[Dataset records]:

****

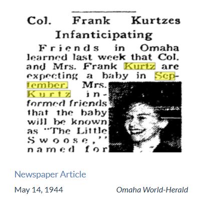 From clips of the Omaha World-Herald of 1944 and 1945, it appears the happy parents-to-be decided well in advance what they would call their baby daughter — “The Little Swoose.” It looks like “Swoosie” is what stuck. (It seems like her official name might be more along the lines of “Margo Jr.,” but that’s beside the point.) (It also seems like the Chicago Tribune caption above of April 5, 1978, may be taking artistic license with some details.) The name is cute. It’s not a show-business creation. It’s a tribute to The Greatest Generation.
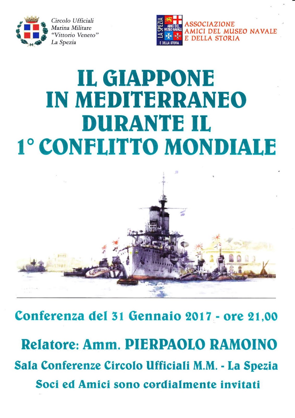 Martedì 31 gennaio a La Spezia, alle ore 21, presso il Circolo Ufficiali della Marina Militare "V. Veneto", l'Amm. Pierpaolo Ramoino terrà una conferenza dal titolo "Il Giappone in Mediterraneo durante il Primo conflitto mondiale". L'inizio dell'incontro è previsto per le ore 21:00. L'organizzazione è a cura dell'Associazione Amici della Storia e del Museo Navale.
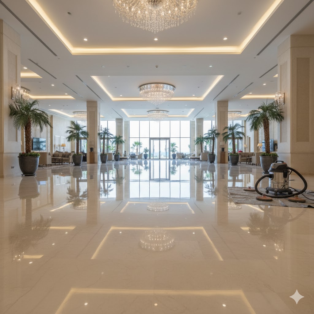 Lara bölgesindeki 5 yıldızlı otelde mermer zeminler, üç aşamalı silim ve parlatma yöntemiyle...
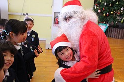 | サンタさんにギューっとしてもらって嬉しそうなみんなです♪ |
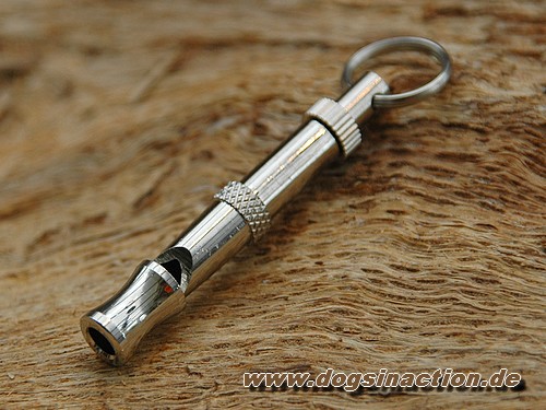 Hochfrequenzpfeife, einfach Hochfrequenzpfeifen aus Metall gibt es mit und ohne Frequenzschutz. Hunde hören in einem anderen Frequenzbereich als Menschen. Dieses macht man sich zu Nutzen indem man Pfeifen verwendet, die Töne in einem so hohen Frequenzbereich ausstoßen, die für den Menschen kaum bzw. gar nicht zu hören sind.

****

[Exercise instructions]: A word-for-word copy of the lines from the one containing "Lara bölgesindeki 5" through the last line of the records is what is wanted, without pictures and without any other line.

[Task output]:
 Lara bölgesindeki 5 yıldızlı otelde mermer zeminler, üç aşamalı silim ve parlatma yöntemiyle...
 | サンタさんにギューっとしてもらって嬉しそうなみんなです♪ |
 Hochfrequenzpfeife, einfach Hochfrequenzpfeifen aus Metall gibt es mit und ohne Frequenzschutz. Hunde hören in einem anderen Frequenzbereich als Menschen. Dieses macht man sich zu Nutzen indem man Pfeifen verwendet, die Töne in einem so hohen Frequenzbereich ausstoßen, die für den Menschen kaum bzw. gar nicht zu hören sind.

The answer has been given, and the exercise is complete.